After days of salt and sand treatment, the City of Garden City’s Public Works Department is hoping for warmer temperatures that may allow them to make more headway in the de-icing of local streets.

Following a significant storm on Dec. 27 that left Garden City under 6 inches of snow, as well as ice, city crews worked for three days to plow snow from major streets and parking lots, said Sam Curran, director of Public Works.

Crews plowed primary and secondary roads from 4 a.m. to 8 p.m. Dec. 27; then they plowed, applied salt and sand, and picked up piles of snow on Friday from midnight to 6 p.m., Curran said. On Saturday, crews picked up piles of snow downtown from midnight to 10 a.m.

Curran said the city initially had avoided residential areas since the narrower streets left little options on where to pile up plowed snow. Instead, he said, crews targeted primary and secondary roads and intersections.

Since Public Works does not own de-icing equipment, crews had largely depended on salting and sanding roads, which, due to consistent below freezing temperatures since the storm, have had a limited effect on ice patches, Curran said.

“This has been an unusual storm,” Curran said. “We haven’t had something that kept temperatures down this long.”

Local residents' feelings about the road conditions varied on Wednesday. Some residents were frustrated with the persisting patches of ice, especially on side roads. One couple said they lost a hubcap bouncing through uneven icy roads.

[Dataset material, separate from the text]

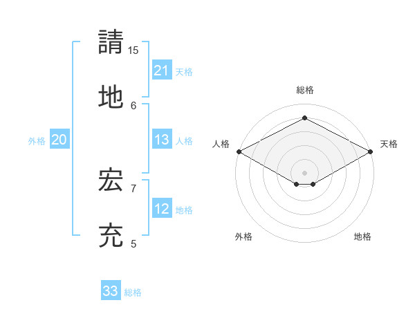 請地 宏充さんの天格は21画の5点!

One man, Lee Bell, slid on the ice and almost hit an oncoming truck when driving his wife to this hospital down a side street.

“It doesn’t look like they did anything really, so anything they do would be an improvement,” Bell said, referring to city crews.

Others said they felt the city was doing a good job, or at least the best that could be done considering the weather conditions.

“You can’t scrape ice, and Mother Nature hasn’t been very kind,” said Mike Allen, a Finney County resident who said he had no complaints with the city’s clean-up operations.

Issues surrounding the storm itself have caused some lasting effects, Curran said. Because the storm came in later than expected, snow had been packed down by roadway traffic and turned to ice before crews could tend to it. Rain that preceded the storm also left significant patches of ice, he said.

Some high-traffic areas, like the intersection of Third and Mary streets, were further impacted because they were constantly covered in shade from nearby trees, Curran said.

The shade issue was part of the reason Garden City, and many communities, still saw icy roads when surrounding highways are mostly cleared, he said. Unlike Kansas Department of Transportation crews, city crews can not plow directly on the pavement due to obstacles like manholes and water valves, leaving some ice, Curran said.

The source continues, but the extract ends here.